→ GOAL OF THE EXERCISE
Give back exactly the lines of the material below that start at the one holding "KHAZNEH För Xiaomi" and end at the last line, minus the pictures.

═════ DATA SECTION ═════

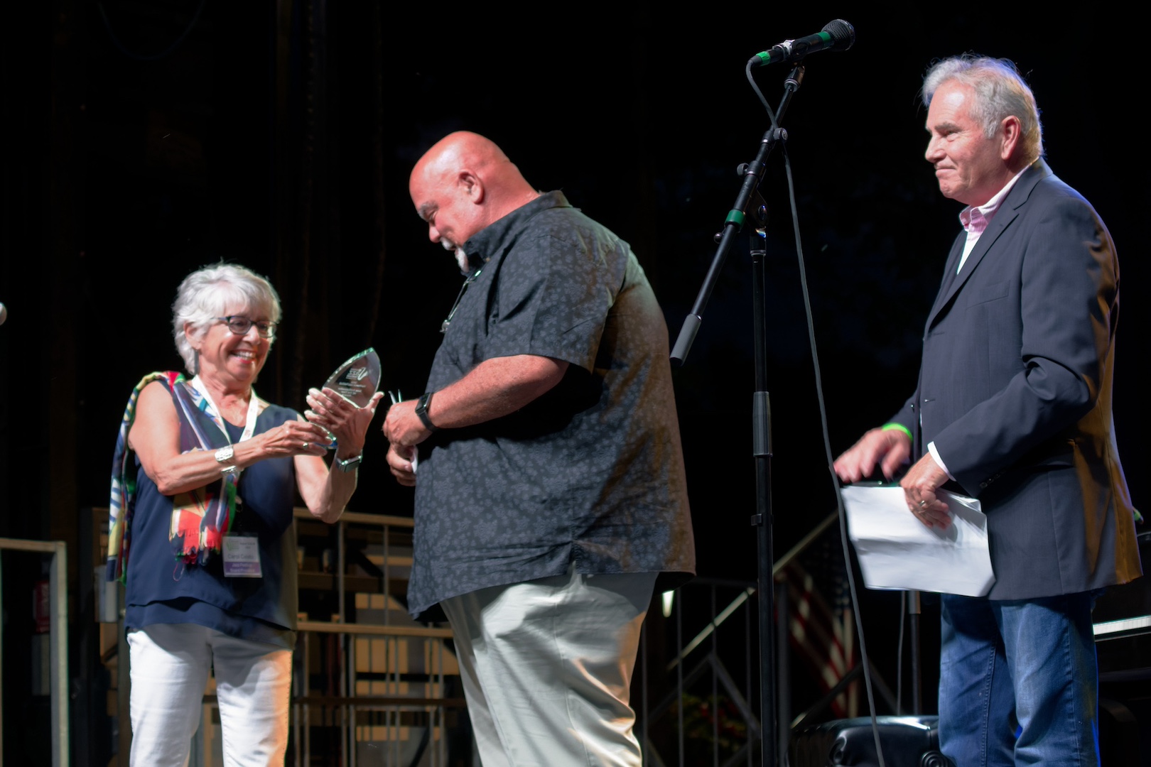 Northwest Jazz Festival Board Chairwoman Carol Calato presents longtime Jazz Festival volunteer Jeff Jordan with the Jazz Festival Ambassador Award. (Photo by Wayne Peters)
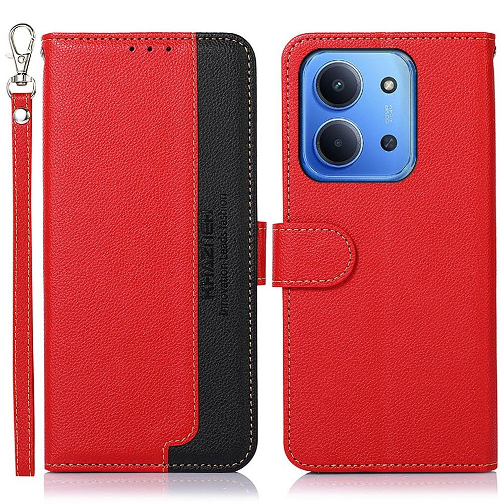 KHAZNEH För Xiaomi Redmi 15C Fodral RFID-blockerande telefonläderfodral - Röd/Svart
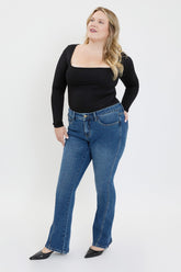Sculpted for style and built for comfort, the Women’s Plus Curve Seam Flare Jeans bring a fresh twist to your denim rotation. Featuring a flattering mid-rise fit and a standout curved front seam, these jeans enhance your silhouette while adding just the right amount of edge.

═════

→ THE ANSWER
 KHAZNEH För Xiaomi Redmi 15C Fodral RFID-blockerande telefonläderfodral - Röd/Svart
Sculpted for style and built for comfort, the Women’s Plus Curve Seam Flare Jeans bring a fresh twist to your denim rotation. Featuring a flattering mid-rise fit and a standout curved front seam, these jeans enhance your silhouette while adding just the right amount of edge.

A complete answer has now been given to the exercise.